In the records below, find the line with "Lightly oil a", then copy each line exactly until you have copied the line with "TS-0525 ステッチ ポップカラー". Leave any picture out.
+ + + + + + +
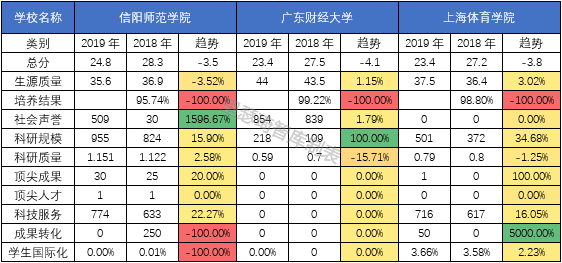 拿上海体育学院为例,其除了培养结果这一指标外其余指标相对去年都是上升或者持平,但是总分却少了将近4分,这和缺失的培养结果数据必然有直接的联系。
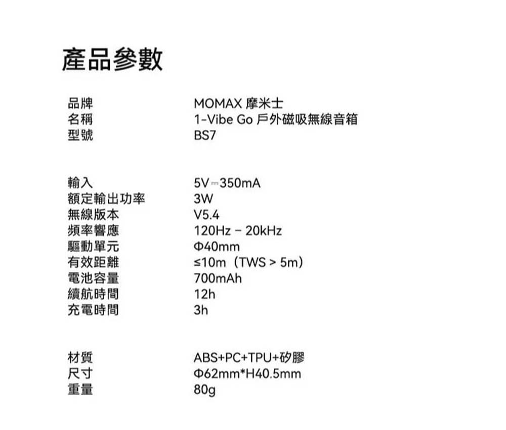 [Shanshuizhibao]Momax 1-Vibe Go Magnetic External Speaker IK07 Shock-resistant, IPX6 Waterproof Magsafe Original Factory Product
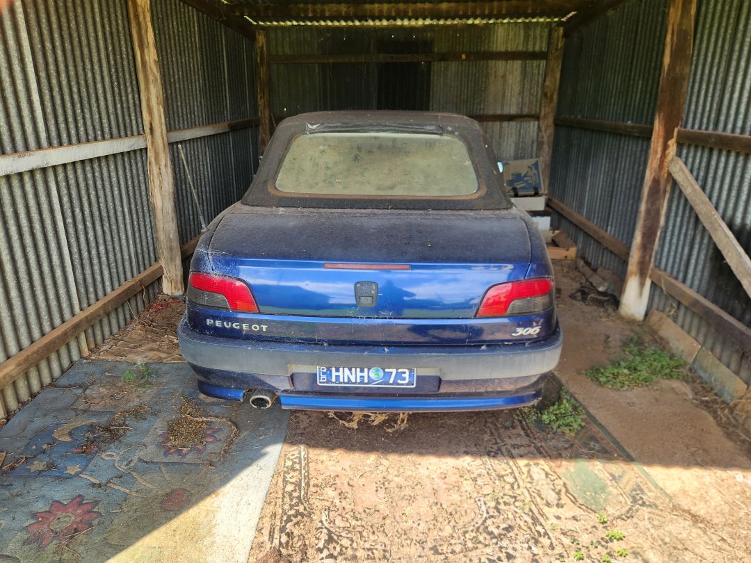 2000 Peugeot 306 Cabriolet. Series 3 auto. Probably 2000. Body straight and fair. Interior not good. Been sitting in a shed for the last 2- 3 years and not driven. Private plates not provided.
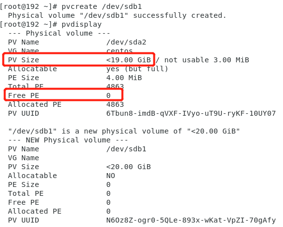 3.输入partprobe 让系统识别新增的分区,然后创建物理卷,使用pvcreate /dev/sdb1;pvdisplay查看
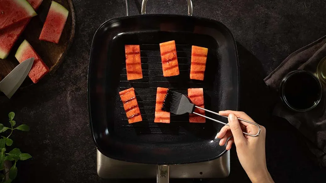 Lightly oil a griddle pan or grill. Briefly grill the watermelon slices over a high heat on both sides, then brush them with the Kikkoman Teriyaki BBQ-Sauce Honey and turn them over. Repeat a few times until the watermelon is nicely glazed.
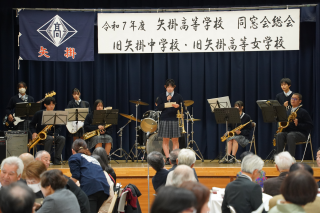 続いて行われた懇親会では、矢掛高校ジャズバンド部による演奏を皮切りに、抽選会や花束贈呈が行われ、和やかな雰囲気に包まれました。今回は矢掛での開催となり、懇親会後には母校・矢掛高校の校内見学も実施。久しぶりに訪れた学び舎に、懐かしさを感じる場面もありました。
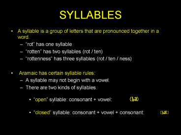 <Notice: Removed> SYLLABLES PowerPoint PPT Presentation
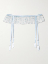 Mathilde Silk-blend Satin-trimmed Embroidered Tulle Suspender Belt
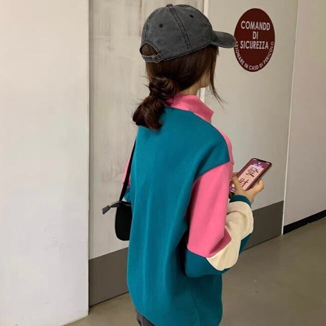 TS-0525 ステッチ ポップカラー ハイネック レトロ スポーティトレーナー 長袖 レディース カジュアル トップス シンプル 可愛い お洒落
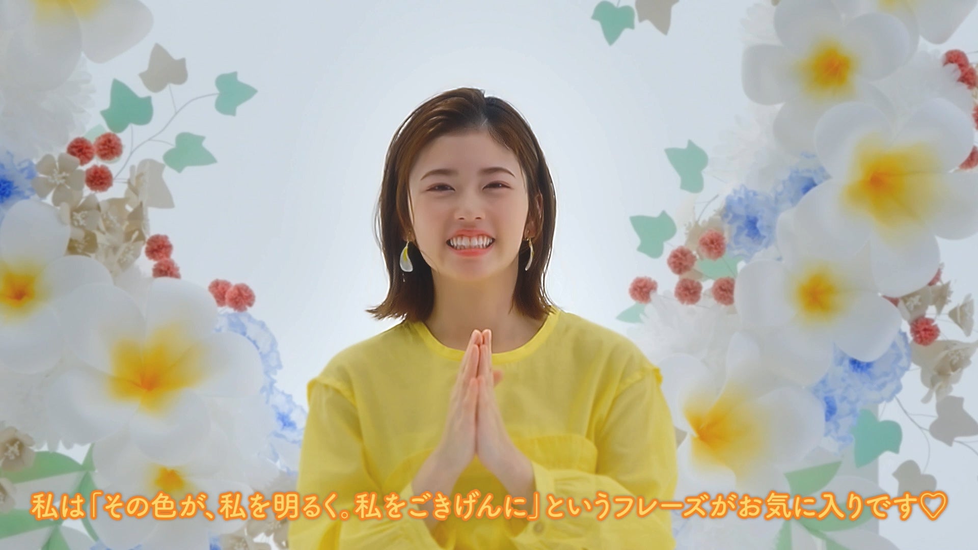 ラストでは、明るく輝く肌の小芝さんが、プルメリアリースカラーの傘から晴れやかな顔を覗かせます。
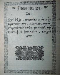 Keywords: Apokrysys tytul.jpg be Тытульная са онка Апок ысіса uk Фото титульної сто інки «Апок исиса» 1598/2012-04-14 Фотокопія з еп одукції в книзі Возняка «Істо ія ук аїнської літе ату и» Львів 1992 Х ыстафо Філалет/Photo by User Vob Custom license marker 2014 04 11 PD-Art Original upload log uk wikipedia page uk wikipedia Apokrysys_tytul jpg wikitable - 20 39 14 April 2012 2000 × 2512 3 08 MB Vob w uk <nowiki>Uploading a self-made file</nowiki> Uploaded with UploadWizard Apokrysis |
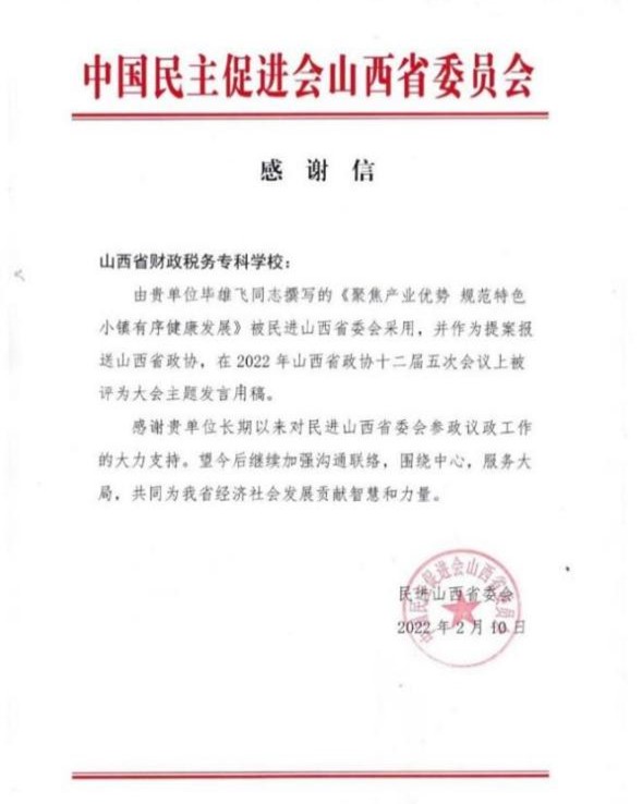bat365积极参与乡村振兴的地方政策研究和制度设计,市场营销专业群教师撰写的《聚焦产业优势规范特色小镇有序健康发展》咨询报告被山西省政协列为2022年山西省政协十二届五次会议上主题发言用稿,对我省乡村振兴中的特色小镇创建提供了积极而有效的职教智慧。
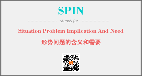 上述内容是“Situation Problem Implication And Need”作为“SPIN”的缩写,解释为“形势问题的含义和需要”时的信息,以及英文缩略词SPIN所代表的英文单词,其对应的中文拼音、详细解释以及在英文中的流行度和相关分类、应用领域及应用示例等。
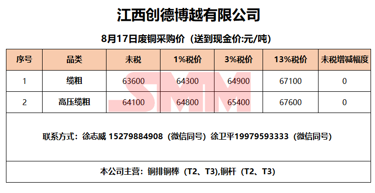 8月17日江西创德博越 废铜采购报价
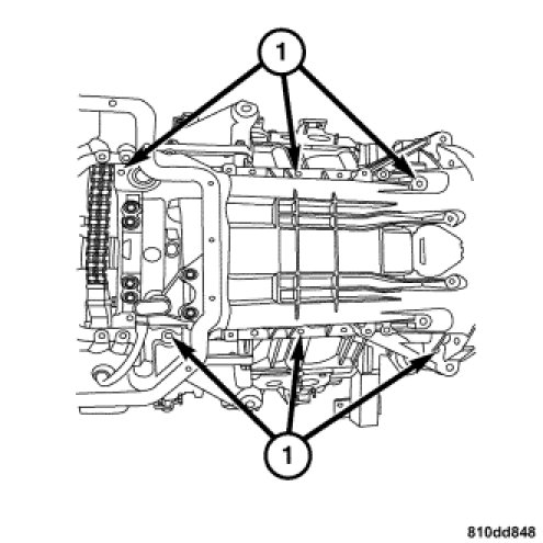 14. Remove the 24 upper oil pan bolts (1).
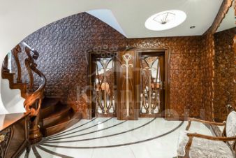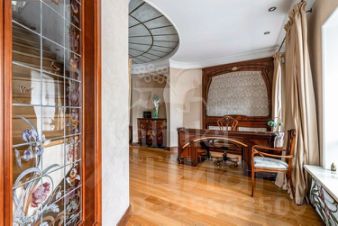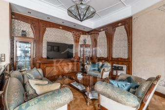 Мебель и порталы изготовлены на заказ в Италии по итальянским эскизам. В оформлении интерьера использована техника "буазери" — сочетание резного дерева и дорогих тканей, придающее пространству особую глубину и элегантность.
+ + + + + + +
### ANSWER FOR THIS EXERCISE
 Lightly oil a griddle pan or grill. Briefly grill the watermelon slices over a high heat on both sides, then brush them with the Kikkoman Teriyaki BBQ-Sauce Honey and turn them over. Repeat a few times until the watermelon is nicely glazed.
 続いて行われた懇親会では、矢掛高校ジャズバンド部による演奏を皮切りに、抽選会や花束贈呈が行われ、和やかな雰囲気に包まれました。今回は矢掛での開催となり、懇親会後には母校・矢掛高校の校内見学も実施。久しぶりに訪れた学び舎に、懐かしさを感じる場面もありました。
 <Notice: Removed> SYLLABLES PowerPoint PPT Presentation
 Mathilde Silk-blend Satin-trimmed Embroidered Tulle Suspender Belt
 TS-0525 ステッチ ポップカラー ハイネック レトロ スポーティトレーナー 長袖 レディース カジュアル トップス シンプル 可愛い お洒落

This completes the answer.